# why does my hamster pee on me whenever i get her out?



## Cassies-mum (Jul 22, 2009)

im starting to hate taking her out because the smell is so hard to get rid of ! shes been doing it for about 6 months, shes very tame, handled for 20 mins every day, always has been, shes about a year old
any ideas?


----------



## Flissy (Jul 27, 2009)

Cassies-mum said:


> im starting to hate taking her out because the smell is so hard to get rid of ! shes been doing it for about 6 months, shes very tame, handled for 20 mins every day, always has been, shes about a year old
> any ideas?


I don't know if this would work... but could you maybe try putting her in some sort of plastic dish as soon as u get her out? Sausage always pees in his ball as soon as I put him in it, it's really annoying! So I am going to try putting him in something plastic (as hamsters seem to like weeing in plastic things... or is that just my hamster lol ) before the ball to make him pee in that instead 

I haven't tried it yet as he's not with me so I don't know if it would work for you or not but its just an idea


----------



## ....zoe.... (Jul 8, 2009)

Flissy said:


> I don't know if this would work... but could you maybe try putting her in some sort of plastic dish as soon as u get her out?
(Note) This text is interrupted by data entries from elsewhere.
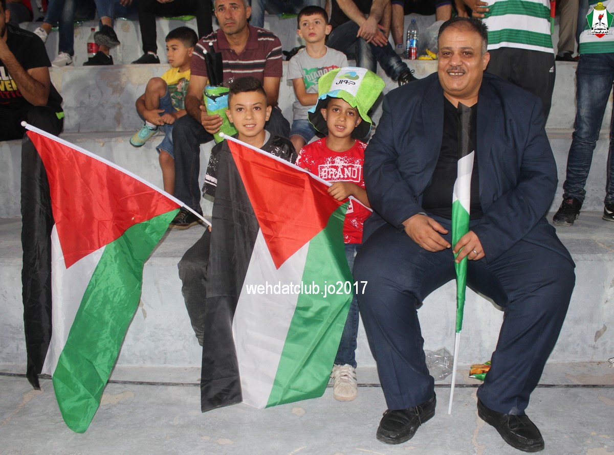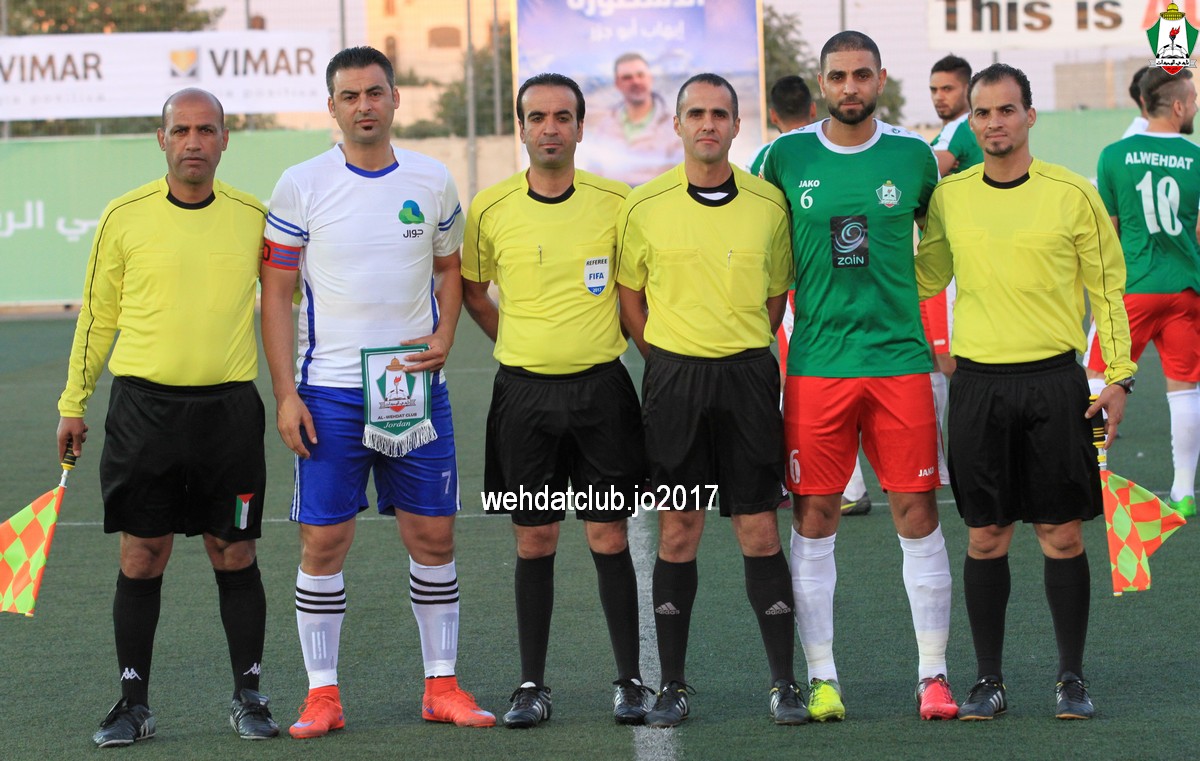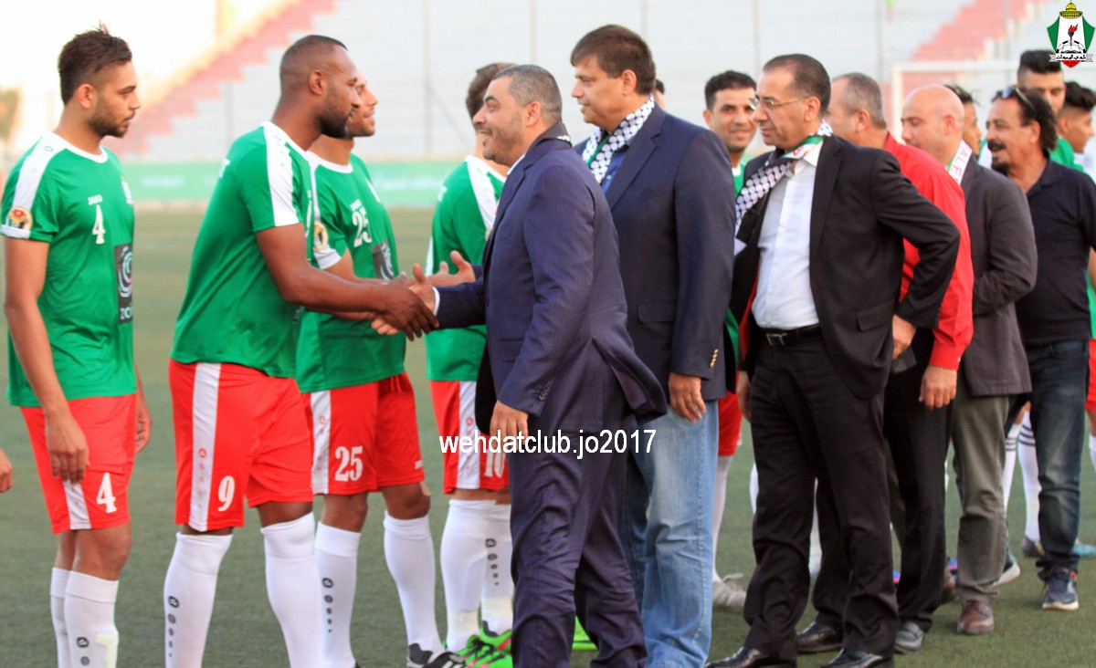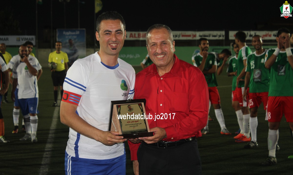 وبعد نهاية الشوط الأول تبادل رئيسان الناديان الدروع التذكارية بينهما ، وقدم العديد من حبين نادي الوحدات بالاراضي المحتلة الدروع والهدايا التذكارية لرئيس النادي يوسف الصقور.
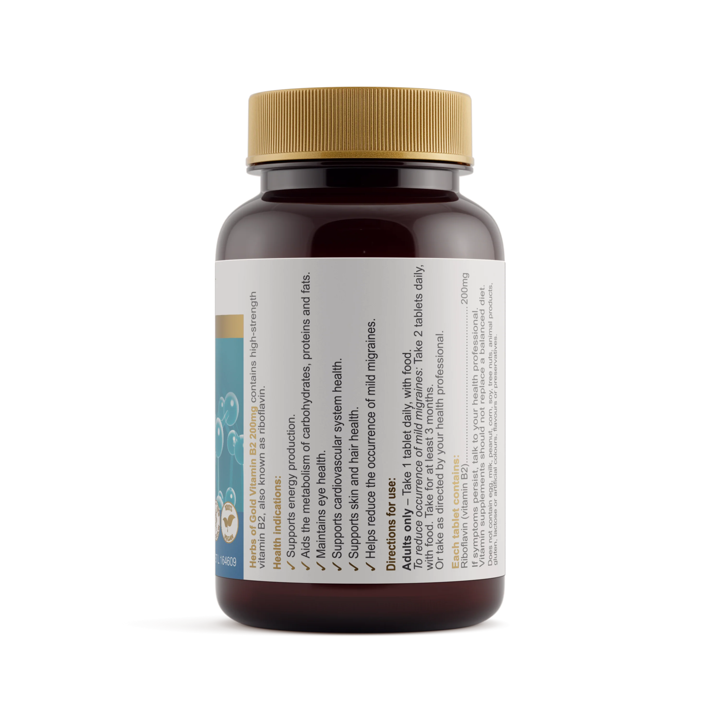 Herbs of Gold Vitamin B2 200mg contains high-strength vitamin B2, also known as riboflavin, to help support vitamin B2 levels in the body.
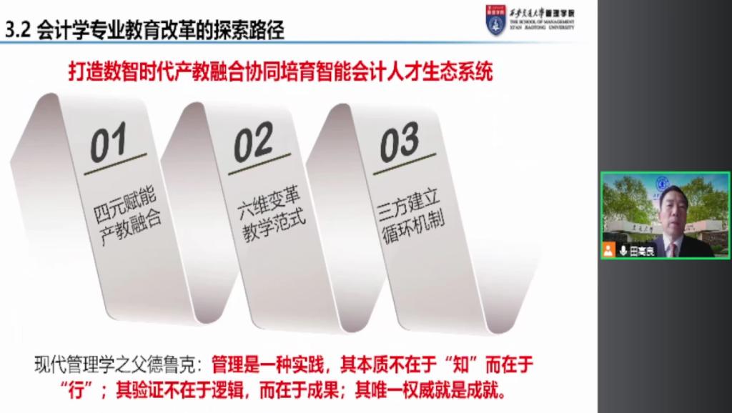 (西安交通大学管理学院副院长、教育部高等学校会计学专业教指委委员田高良教授作线上报告)
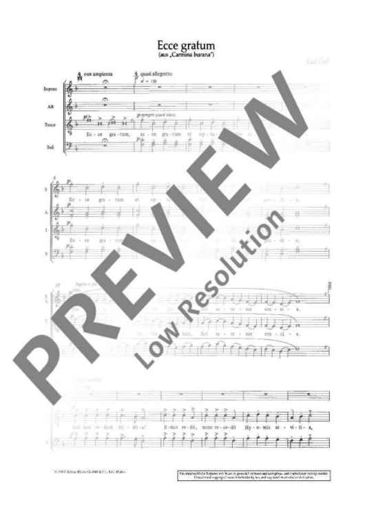 Digital Sheet Music for Ecce gratum - Choral Score by Carl Orff scored for Mixed Choir (satb) And Piano (4 Hands); id:473765
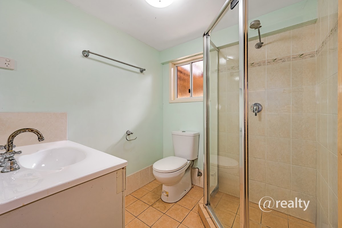 There are 3 bedrooms upstairs, the main boasting a built-in-robe and air conditioner. Also on this level, is a family sized bathroom with large shower, vanity and linen closet.
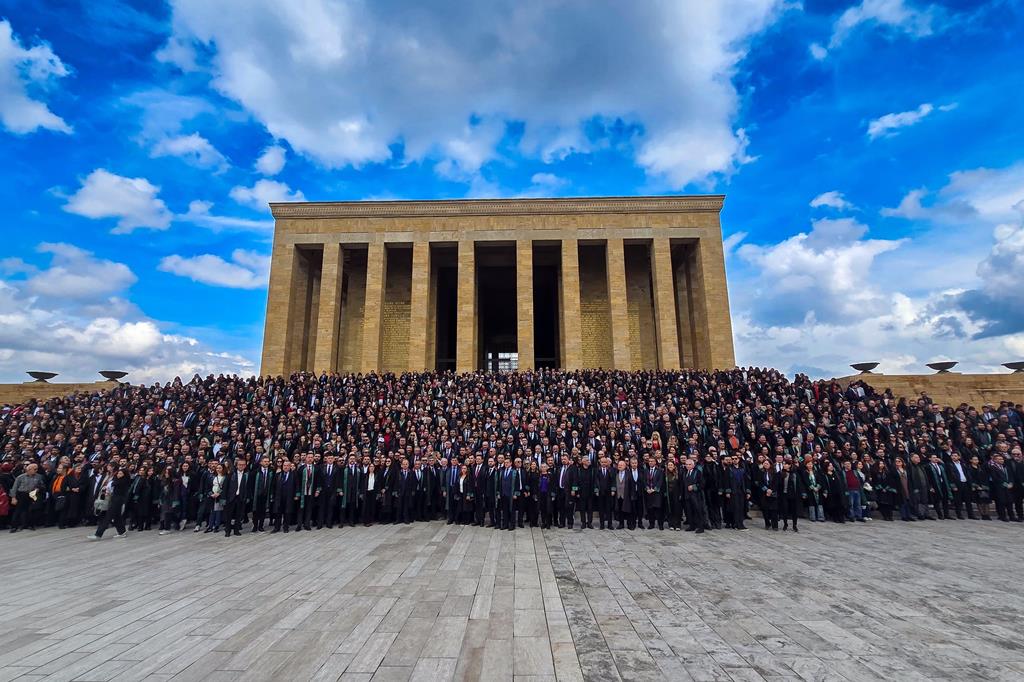 Basın açıklamasının ardından kortej, Anıtkabir’e doğru yürüyüşe geçti. Aslanlı Yol’dan geçerek Ulu Önder Mustafa Kemal Atatürk’ün huzuruna çıkan avukatlar, Türkiye Cumhuriyeti’nin kurucu iradesine bağlılıklarını bir kez daha gösterdi. TBB Başkanı Av. R. Erinç Sağkan’ın mozoleye çelenk bırakmasının ardından saygı duruşunda bulunuldu. Heyet ile birlikte daha sonra Misak-ı Milli Kulesi’ne geçen Sağkan, Anıtkabir Özel Defteri’ni imzaladı.
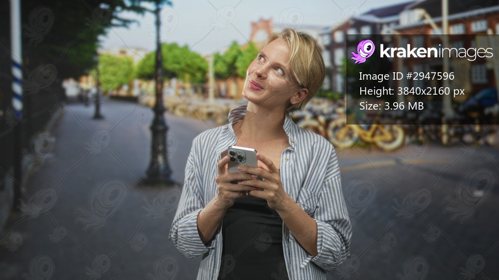 Woman holding smartphone, smiling and looking up on street lined with bicycles and red brick buildings; curiosity.
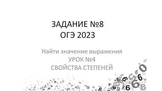ОГЭ 2023. ЗАДАНИЕ 8. УРОК 4 "СВОЙСТВА СТЕПЕНЕЙ"
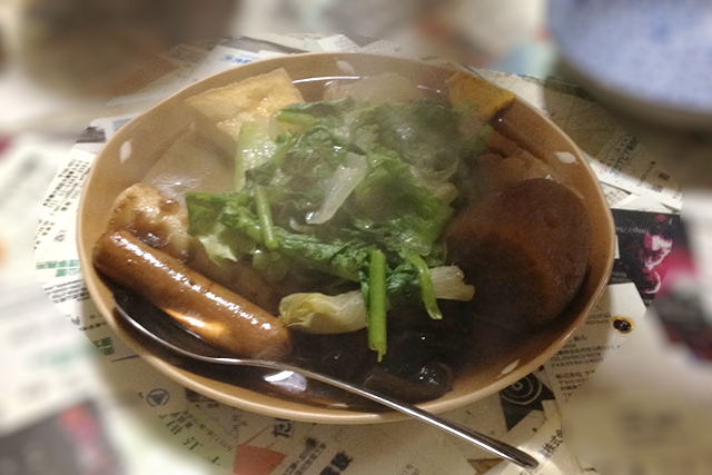 昔の写真でぼやけていて恐縮なのだが、こんな感じが標準的な沖縄おでんではないかと思われる。
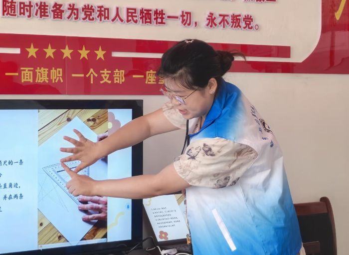 圖為實(shí)踐團(tuán)成員柏佳蕊為學(xué)生講解AI生成的視頻。李雨琪 供圖
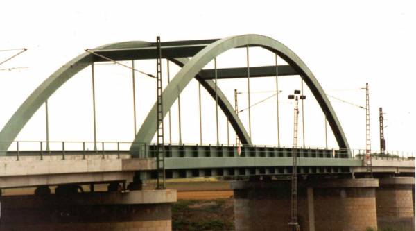Der Stromüberbau ist als zweigleisiger Stabbogen mit außen liegenden Dienstgehwegen ausgeführt worden.
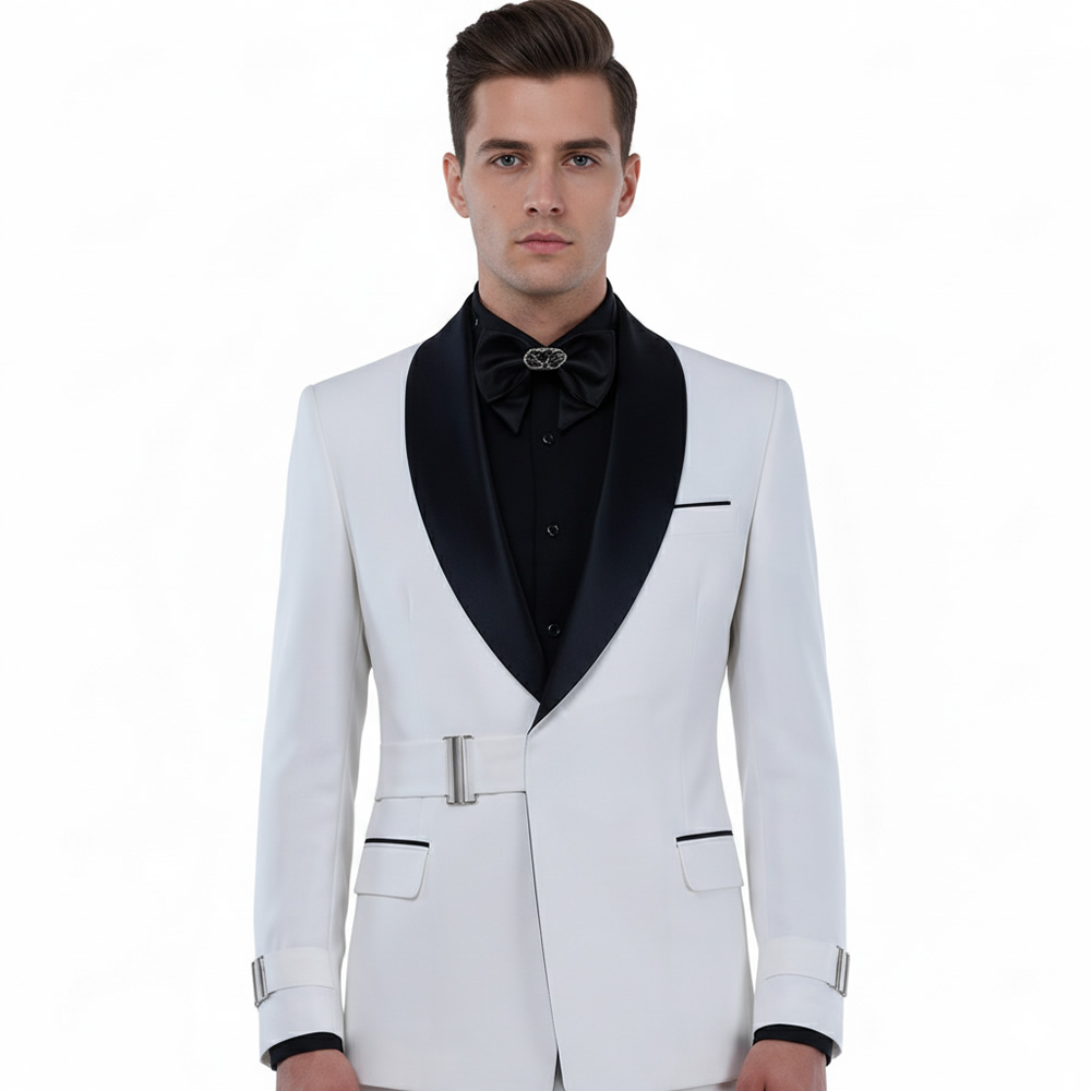 Clean and sharp, this white tuxedo suit features a black satin shawl lapel and a secure buckle closure for a modern touch. Tailored for comfort with a close-to-body fit, it’s a solid pick for weddings, prom, and any black tie night.
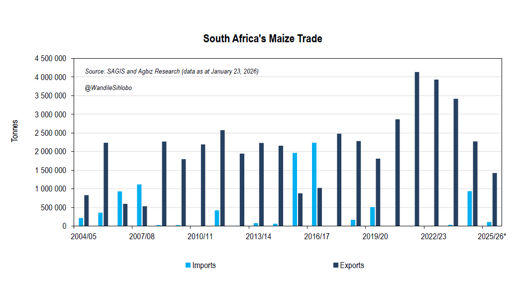 The current marketing year only ends in April 2026. We expect more robust export activity this quarter, driven by stronger demand in the Southern African region. To meet the expected exports, South Africa must export 1 million tonnes of maize within the next three months.
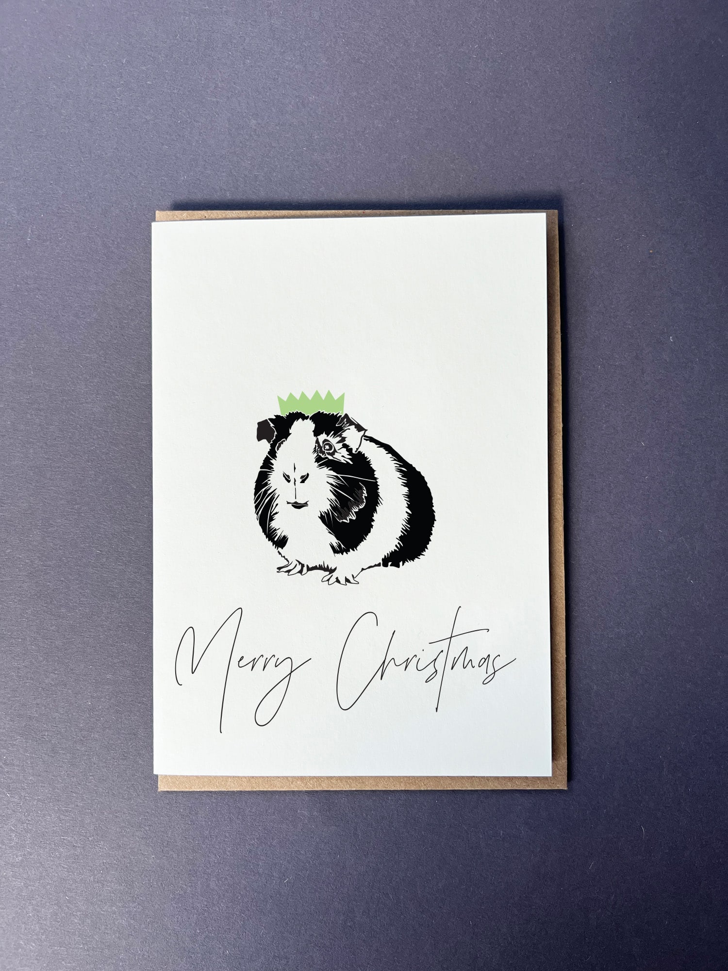 This gorgeous letterpress greetings card Christmas guinea pig is illustrated with a cute guinea pig wearing a neon cracker hat. Printed in neon lime and black, with modern calligraphy “Merry Christmas”. Perfect to send seasons greetings to any guinea pig lover.
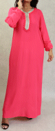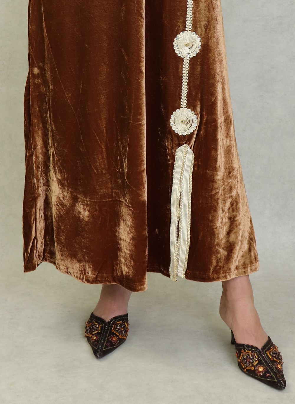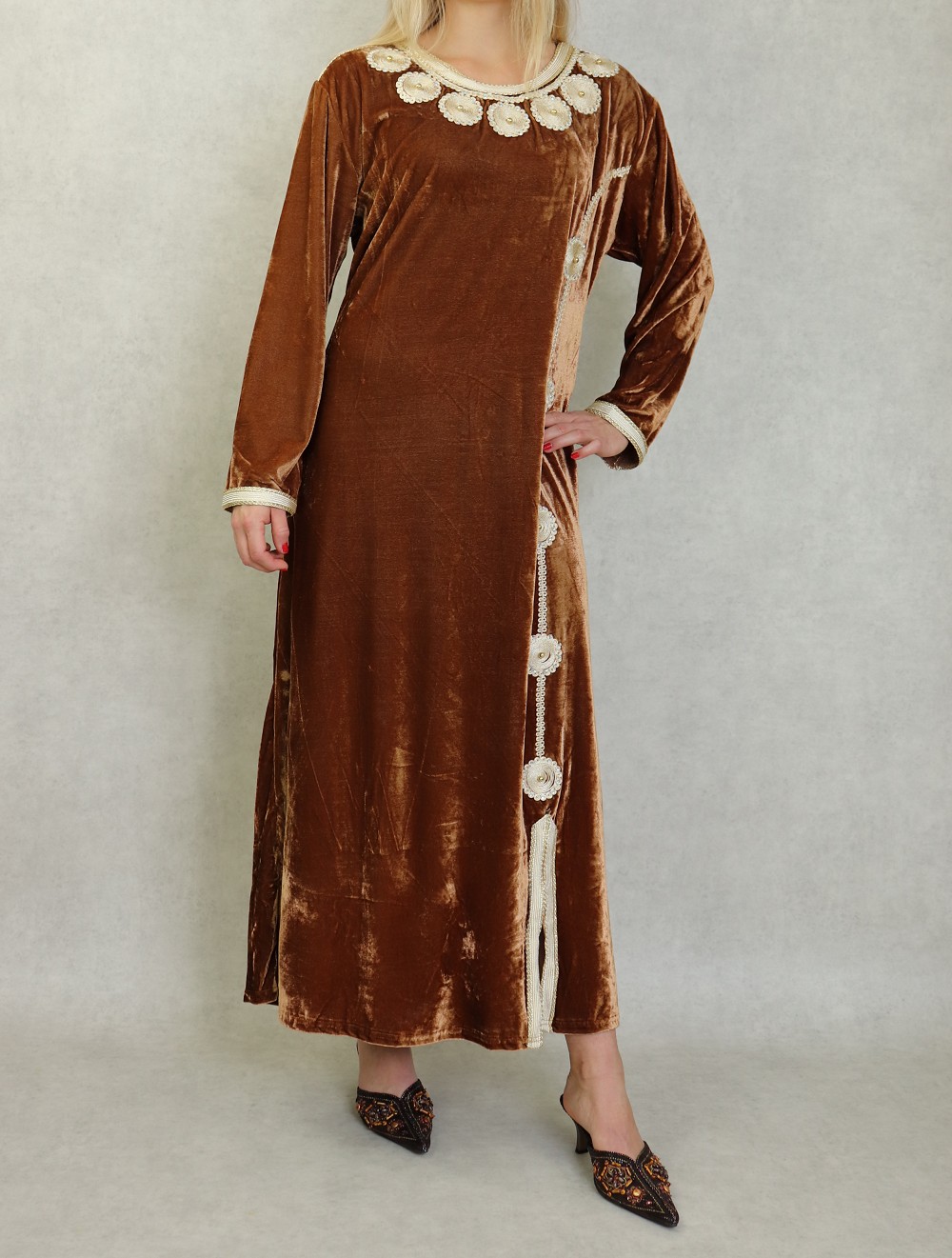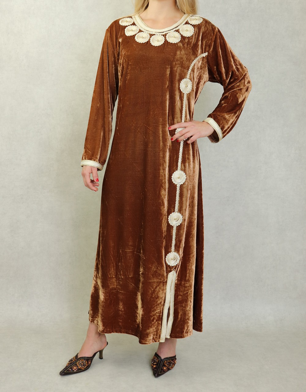 Belle robe en velours style oriental à manches longues avec broderies de qualité sur l'encolure et toute la longueur. Tenue sobre et élégante, parfaite pour occasions et événements.

Sausage always pees in his ball as soon as I put him in it, it's really annoying! So I am going to try putting him in something plastic (as hamsters seem to like weeing in plastic things... or is that just my hamster lol ) before the ball to make him pee in that instead
> 
> I haven't tried it yet as he's not with me so I don't know if it would work for you or not but its just an idea


do you rub your hands in his bedding before you take him out ??

as he may be scent marking you by peeing on you


----------



## EmzieAngel (Apr 22, 2009)

In the 10 years I've owned hamsters, they've never peed on me lol.
x


----------